Lola tiene sesenta y bastantes y su marido Alfonso alguno más. Como tantas mujeres de esa generación, Lola se las ha arreglado para trabajar como funcionaria cinco días a la semana, criar y educar a tres hijos y tener la casa en condiciones con la ayuda de una asistenta. Cuando el primero cumplió 15 años dijo a sus criaturas que había llegado el momento de echar una mano: la asistenta solo iría dos mañanas.
Alfonso, por supuesto, jamás entró en la cocina, ni se le pasó por la cabeza hacer la cama, y vivió pensando que sus camisas se lavaban y planchaban solas y se autocolgaban del armario en cuanto estaban listas.
El encierro les ha pillado sin asistenta, solos y jubilados. Lola, sin ponerse en jarras ni pronunciar una palabra más alta que otra, le explicó a Alfonso que a ella también le gustaba la tele y las series de Netflix, y leer una buena novela, y que ya iba a siendo hora –se lo dijo con mucho cariño– de que asumiera que la casa era cosa de dos cuando solo estaban dos, sin oficina a la que acudir ni lecciones que preparar. Él era profesor universitario.

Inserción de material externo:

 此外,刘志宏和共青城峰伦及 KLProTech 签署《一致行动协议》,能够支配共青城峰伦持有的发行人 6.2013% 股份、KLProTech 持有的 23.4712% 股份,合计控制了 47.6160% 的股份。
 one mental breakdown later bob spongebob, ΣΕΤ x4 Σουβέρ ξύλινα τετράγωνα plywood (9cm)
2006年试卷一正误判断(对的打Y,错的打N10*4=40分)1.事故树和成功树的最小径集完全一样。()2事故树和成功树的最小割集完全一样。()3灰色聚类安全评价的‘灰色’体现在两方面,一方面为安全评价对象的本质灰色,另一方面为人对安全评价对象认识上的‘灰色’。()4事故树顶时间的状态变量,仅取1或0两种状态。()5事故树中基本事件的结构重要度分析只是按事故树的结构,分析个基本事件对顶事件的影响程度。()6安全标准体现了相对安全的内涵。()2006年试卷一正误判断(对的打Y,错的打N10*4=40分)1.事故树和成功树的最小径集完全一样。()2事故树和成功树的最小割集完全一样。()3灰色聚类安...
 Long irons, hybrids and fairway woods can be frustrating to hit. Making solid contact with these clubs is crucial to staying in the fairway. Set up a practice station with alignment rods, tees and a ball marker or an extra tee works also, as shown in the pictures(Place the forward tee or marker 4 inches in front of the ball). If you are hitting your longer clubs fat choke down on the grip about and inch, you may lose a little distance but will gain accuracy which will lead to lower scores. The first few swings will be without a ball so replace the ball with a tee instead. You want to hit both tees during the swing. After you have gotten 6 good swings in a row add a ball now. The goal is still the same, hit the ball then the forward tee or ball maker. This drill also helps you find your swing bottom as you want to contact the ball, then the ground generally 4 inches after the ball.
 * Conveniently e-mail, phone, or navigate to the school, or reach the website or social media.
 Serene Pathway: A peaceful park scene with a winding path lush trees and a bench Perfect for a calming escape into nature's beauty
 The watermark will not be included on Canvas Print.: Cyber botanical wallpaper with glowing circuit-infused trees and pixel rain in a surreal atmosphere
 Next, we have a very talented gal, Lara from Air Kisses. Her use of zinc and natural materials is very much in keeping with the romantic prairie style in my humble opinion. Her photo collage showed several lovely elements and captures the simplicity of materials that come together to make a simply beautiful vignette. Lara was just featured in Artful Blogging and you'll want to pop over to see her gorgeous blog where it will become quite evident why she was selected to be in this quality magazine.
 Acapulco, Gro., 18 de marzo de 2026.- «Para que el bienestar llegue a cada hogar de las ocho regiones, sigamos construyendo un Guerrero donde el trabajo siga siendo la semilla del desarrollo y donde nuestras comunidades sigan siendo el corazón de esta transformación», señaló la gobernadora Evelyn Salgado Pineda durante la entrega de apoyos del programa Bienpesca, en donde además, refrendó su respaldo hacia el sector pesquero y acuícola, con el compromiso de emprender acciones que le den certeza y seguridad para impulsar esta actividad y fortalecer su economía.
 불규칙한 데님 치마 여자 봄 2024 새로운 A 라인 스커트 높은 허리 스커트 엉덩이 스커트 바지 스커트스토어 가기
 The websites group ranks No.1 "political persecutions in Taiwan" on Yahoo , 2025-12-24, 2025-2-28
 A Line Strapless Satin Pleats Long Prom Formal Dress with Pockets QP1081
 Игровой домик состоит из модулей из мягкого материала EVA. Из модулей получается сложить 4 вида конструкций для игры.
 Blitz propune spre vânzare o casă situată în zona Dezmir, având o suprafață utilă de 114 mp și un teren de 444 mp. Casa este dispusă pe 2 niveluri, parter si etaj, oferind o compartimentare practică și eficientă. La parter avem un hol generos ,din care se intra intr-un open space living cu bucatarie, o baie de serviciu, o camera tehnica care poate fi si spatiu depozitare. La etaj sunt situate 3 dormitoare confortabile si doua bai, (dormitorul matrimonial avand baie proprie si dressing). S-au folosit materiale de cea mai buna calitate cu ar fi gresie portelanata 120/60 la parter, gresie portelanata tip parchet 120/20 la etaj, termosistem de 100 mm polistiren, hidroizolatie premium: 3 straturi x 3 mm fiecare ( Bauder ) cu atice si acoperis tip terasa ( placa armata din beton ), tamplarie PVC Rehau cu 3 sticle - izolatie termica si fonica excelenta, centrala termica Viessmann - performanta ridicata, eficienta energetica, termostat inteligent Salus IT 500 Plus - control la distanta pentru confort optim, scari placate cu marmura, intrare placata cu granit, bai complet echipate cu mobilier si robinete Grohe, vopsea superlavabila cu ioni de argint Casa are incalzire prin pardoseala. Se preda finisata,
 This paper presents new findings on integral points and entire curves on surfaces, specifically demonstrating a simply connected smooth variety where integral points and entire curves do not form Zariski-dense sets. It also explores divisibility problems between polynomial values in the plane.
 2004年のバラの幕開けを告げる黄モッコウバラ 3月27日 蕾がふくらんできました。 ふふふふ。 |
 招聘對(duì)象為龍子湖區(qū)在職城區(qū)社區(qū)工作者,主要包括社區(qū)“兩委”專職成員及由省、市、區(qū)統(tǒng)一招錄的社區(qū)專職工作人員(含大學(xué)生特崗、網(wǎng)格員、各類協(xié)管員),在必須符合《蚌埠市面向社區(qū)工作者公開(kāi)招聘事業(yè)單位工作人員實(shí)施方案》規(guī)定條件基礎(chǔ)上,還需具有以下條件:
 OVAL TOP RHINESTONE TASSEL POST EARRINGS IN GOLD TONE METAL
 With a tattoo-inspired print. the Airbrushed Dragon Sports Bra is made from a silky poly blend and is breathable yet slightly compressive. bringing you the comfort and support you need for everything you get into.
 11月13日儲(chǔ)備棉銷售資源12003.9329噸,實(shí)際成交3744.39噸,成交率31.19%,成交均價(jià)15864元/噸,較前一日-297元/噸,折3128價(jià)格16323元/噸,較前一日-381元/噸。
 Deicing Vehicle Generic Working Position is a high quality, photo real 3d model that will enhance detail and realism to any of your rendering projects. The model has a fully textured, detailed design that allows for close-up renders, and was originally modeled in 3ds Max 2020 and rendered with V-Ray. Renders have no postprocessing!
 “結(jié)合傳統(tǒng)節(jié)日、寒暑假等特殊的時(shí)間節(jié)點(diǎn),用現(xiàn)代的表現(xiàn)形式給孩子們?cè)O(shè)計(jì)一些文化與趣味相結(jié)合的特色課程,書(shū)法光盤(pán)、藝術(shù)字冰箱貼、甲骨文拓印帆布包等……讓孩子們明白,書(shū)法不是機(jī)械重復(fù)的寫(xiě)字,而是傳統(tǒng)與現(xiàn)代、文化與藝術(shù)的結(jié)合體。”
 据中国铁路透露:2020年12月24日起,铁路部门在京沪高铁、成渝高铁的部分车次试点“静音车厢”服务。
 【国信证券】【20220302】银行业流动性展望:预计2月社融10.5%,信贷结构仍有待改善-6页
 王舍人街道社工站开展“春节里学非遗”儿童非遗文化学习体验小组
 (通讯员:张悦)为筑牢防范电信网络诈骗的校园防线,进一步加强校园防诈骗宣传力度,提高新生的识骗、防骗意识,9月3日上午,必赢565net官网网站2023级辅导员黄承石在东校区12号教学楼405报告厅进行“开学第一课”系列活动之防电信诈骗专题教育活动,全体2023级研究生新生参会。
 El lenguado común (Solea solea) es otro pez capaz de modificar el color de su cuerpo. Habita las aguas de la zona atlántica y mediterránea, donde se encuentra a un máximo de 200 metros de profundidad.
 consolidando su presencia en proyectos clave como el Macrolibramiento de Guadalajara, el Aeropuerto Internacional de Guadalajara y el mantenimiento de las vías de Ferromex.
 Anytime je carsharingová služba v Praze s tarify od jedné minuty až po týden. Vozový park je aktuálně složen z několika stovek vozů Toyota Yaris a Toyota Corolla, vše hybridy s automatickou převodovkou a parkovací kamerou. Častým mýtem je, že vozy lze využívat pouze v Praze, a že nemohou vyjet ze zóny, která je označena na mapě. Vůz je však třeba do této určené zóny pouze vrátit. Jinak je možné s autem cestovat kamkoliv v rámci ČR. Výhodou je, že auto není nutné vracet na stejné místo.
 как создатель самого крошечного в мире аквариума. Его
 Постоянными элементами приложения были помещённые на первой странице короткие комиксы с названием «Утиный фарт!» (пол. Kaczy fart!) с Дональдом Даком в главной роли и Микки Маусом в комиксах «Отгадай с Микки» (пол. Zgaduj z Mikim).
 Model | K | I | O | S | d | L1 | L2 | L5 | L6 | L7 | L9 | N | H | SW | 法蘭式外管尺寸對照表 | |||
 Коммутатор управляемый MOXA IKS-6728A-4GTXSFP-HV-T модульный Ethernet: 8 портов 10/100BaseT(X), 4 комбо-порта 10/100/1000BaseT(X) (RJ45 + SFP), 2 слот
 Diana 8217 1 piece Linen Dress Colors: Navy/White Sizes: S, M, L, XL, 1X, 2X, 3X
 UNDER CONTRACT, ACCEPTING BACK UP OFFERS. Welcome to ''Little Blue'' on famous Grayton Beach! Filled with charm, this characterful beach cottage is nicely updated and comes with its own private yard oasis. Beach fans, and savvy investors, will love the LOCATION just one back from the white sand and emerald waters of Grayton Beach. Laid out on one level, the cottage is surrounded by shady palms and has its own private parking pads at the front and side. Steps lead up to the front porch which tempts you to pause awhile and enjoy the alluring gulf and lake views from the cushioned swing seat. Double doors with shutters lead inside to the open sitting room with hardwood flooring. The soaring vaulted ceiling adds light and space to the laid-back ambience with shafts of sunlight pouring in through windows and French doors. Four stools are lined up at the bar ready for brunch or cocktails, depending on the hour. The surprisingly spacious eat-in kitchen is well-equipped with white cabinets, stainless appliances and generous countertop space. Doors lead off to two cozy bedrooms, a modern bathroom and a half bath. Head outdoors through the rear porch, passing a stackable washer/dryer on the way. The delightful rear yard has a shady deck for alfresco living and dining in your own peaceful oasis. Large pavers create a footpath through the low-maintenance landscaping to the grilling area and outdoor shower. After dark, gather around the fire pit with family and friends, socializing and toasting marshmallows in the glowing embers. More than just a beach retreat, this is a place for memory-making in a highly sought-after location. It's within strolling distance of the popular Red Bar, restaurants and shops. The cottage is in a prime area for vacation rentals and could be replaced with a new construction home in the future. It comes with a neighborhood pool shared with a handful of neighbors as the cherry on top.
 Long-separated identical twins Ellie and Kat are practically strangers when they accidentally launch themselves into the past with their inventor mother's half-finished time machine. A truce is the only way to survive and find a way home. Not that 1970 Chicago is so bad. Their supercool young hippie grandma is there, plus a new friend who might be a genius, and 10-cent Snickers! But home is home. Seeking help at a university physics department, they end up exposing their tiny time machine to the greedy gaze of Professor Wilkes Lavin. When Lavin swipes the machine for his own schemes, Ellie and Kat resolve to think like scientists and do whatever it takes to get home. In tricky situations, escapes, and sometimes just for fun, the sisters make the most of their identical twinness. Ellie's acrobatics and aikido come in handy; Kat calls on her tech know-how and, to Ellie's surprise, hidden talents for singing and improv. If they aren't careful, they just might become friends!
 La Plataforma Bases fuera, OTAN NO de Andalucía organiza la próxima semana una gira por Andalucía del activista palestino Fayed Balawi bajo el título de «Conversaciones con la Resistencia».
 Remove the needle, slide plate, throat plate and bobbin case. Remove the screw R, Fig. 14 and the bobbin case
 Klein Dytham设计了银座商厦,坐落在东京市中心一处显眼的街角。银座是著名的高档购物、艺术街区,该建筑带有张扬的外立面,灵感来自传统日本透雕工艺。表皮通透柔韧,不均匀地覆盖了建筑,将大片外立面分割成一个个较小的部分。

Alfonso, porque se aburría, porque sus dos hijos varones ya trabajaban en sus casas en igualdad de condiciones que sus parejas o porque había asumido que los tiempos cambiaban –aunque nunca se planteó que él debía cambiar también– le contestó a Lola que le parecía muy bien, pero que primero tenía que enseñarle dónde estaban las cosas. “¿Qué cosas?”, le interrumpió Lola. “El cubo de hielo, por ejemplo”. “¿Sabes al menos dónde están las copas, las fuentes, las sábanas limpias, las vajillas que no son de diario, las copas , las jarras…?”
No. Debía pensar que, como ocurre con Siri, aparecían por arte de magia cuando pronunciabas su nombre. Pidió a Lola, humildemente, que le explicara cómo funcionaba la aspiradora, la lavadora y el lavaplatos y pidió también a su mujer –por no decir suplicó– que le eximiera de la plancha. Pero en cambio sí le apetecía aprender algo en la cocina. Veía el programa de Arguiñano y no solo le parecía fácil, sino incluso divertido. “Excepto limpiar pescado; eso no, por favor”. Quedó encantado cuando le explicó Lola que no hacía falta, que lo limpiaban en la pescadería y además en el súper ya había bandejas con pescado listo para el horno, la cazuela o la sartén.
Palabra de honor: Alfonso solo había ido al súper a comprar cervezas, vino y aperitivos. Nunca había visto bandejas con pescado.
Historia real como la vida misma. Algo bueno tenía que traer el confinamiento.